À Liège, les résultats de cette dynamique (parfois un peu incompréhensible quand ses acteurs se fendent de l’expliquer de manière prolixe, philosophique, voire poétique !) sont déjà bien concrets. La réceptivité des pouvoirs publics par rapport à ces questions a fortement évolué, lesquels ont invité les associations à participer au schéma de développement des 24 communes de l’arrondissement. Ces dernières se sont, de plus, mobilisées contre le plan du gouvernement fédéral qui prévoyait une extension de la prison de Lantin, menaçant du coup les terres agricoles de la Ferme à L’Arbre.
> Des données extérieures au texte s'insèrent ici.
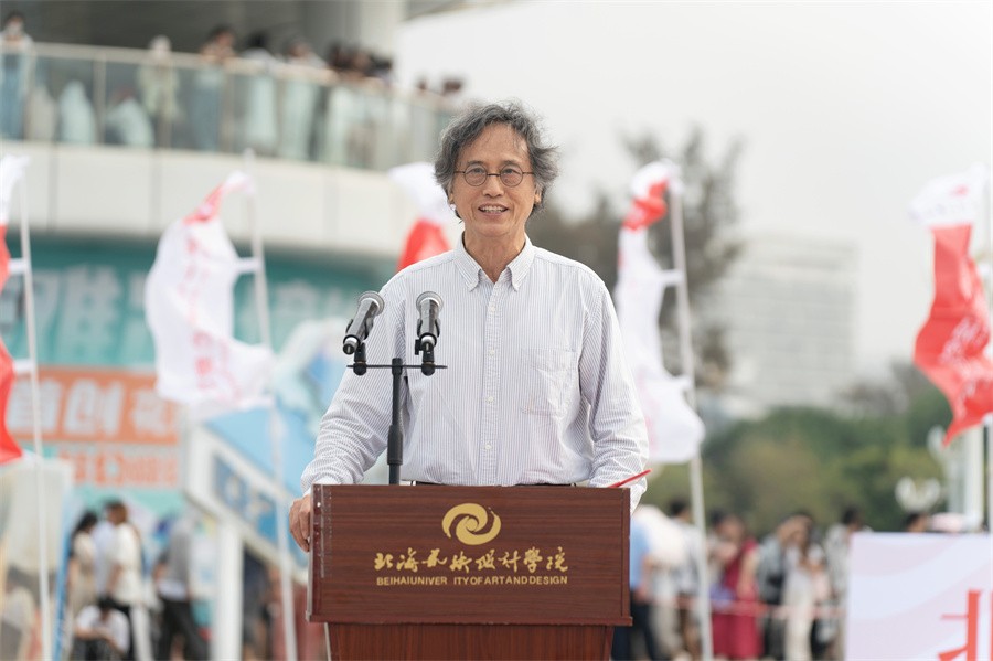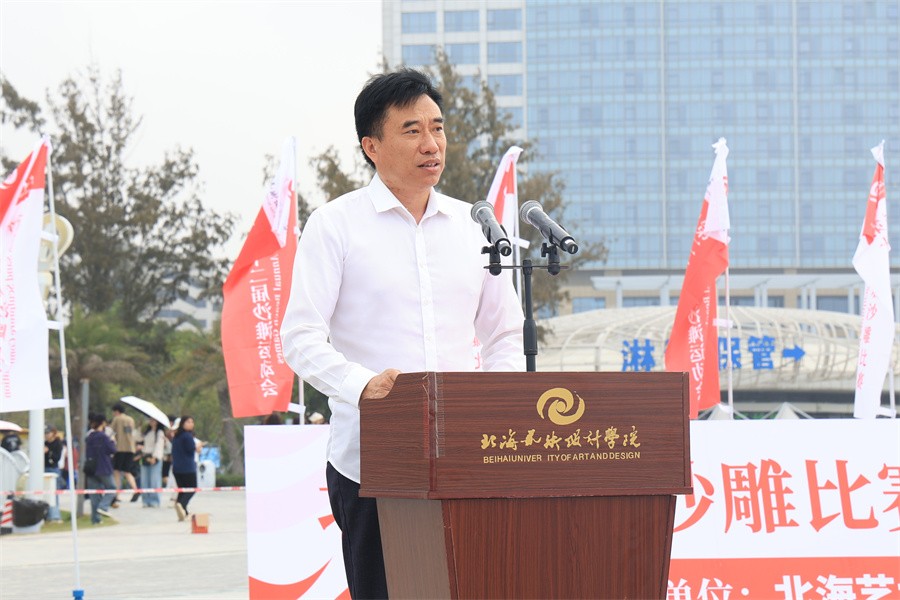 卢新华校长在致辞中表示,建校以来,学校全面贯彻党的教育方针,以立德树人为宗旨,秉持“道德为本、艺术求精”的办学理念,坚持高质量发展,形成了“以德铸魂、以文化人、以美化人”的育人模式。沙滩运动会和沙雕比赛是学校育人模式的组成部分。他指出,艺术与体育是互动的,艺术赋予美的创造和追求,体育赋予强健的体魄和拼搏精神。在艺术的世界里,北艺师生用创造之美描绘梦想,用创意点亮生活;在体育的赛场上,大家用强健的体魄书写青春,用拼搏精神铸就辉煌。艺术关乎国家文化兴衰,体育关乎国家强盛,都承载着民族振兴的梦想。卢新华校长期望广大师生在此次沙滩运动会和沙雕比赛中秉持“友谊第一,比赛第二”的体育精神,赛出风格,赛出水平,尽情发挥创意,展现独特的艺术风格和深刻的思想内涵,用拼搏汗水和优异的成绩书写精彩的青春篇章,用艺术与体育的精神和力量,为北海艺术设计学院的明天增光添彩!

La Cité ardente lance, de son côté, un projet “Creafarm” – sur le même modèle que celui de “Creashop” – dans le but de permettre l’accès à des terres cultivables pour de jeunes entrepreneurs respectueux de l’environnement. Après recensement, des terrains non pollués et présentant un potentiel agricole (Sainte-Walburge, Burenville) seront loués moyennant un faible coût à des cultivateurs porteurs de projets viables.
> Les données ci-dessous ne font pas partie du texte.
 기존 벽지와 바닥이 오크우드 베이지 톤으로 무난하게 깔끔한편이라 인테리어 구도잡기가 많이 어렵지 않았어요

Enfin, une quinzaine de coopératives ont déjà été créées : Les Compagnons de la Terre, La Brasserie Coopérative Liégeoise, Rayon 9, Fungi up !, Cycle en Terre, ADM Bio (atelier des maraîchers bio), Hesbicoop, Les Petits Producteurs. Et plusieurs autres sont en cours de préparation : Coopérative de producteurs du pays de Herve, Coopérative de maraîchers à Visé, Magasins coopératifs et participatifs à Liège et à Verviers. Cela, même si certains protagonistes, tels les maraîchers, assurent tout juste leur survie. « La solution serait quand même d’augmenter les prix afin qu’on puisse gagner correctement notre vie », diagnostique Franky. Ce roux barbu d’apparence bourrue, qui respire la bonté de coeur, cultive une large palette de fruits et légumes (choux, roquette, carottes, pommes de terre, salades, tomates, poivrons, fraises, etc.) sur les hauteurs de Jupille, en proposant un système d’abonnement à une centaine de clients potentiels. Ceux-ci peuvent venir se servir quand bon leur semble, suivant les indications des produits et des quantités inscrits à la craie sur un grand tableau noir cloué dans l’abri qui garde l’entrée de son terrain. « Ça va un peu mieux financièrement grâce à ce système basé sur le soutien des gens et qui limite le nombre de factures à faire », se rassure notre maraîcher.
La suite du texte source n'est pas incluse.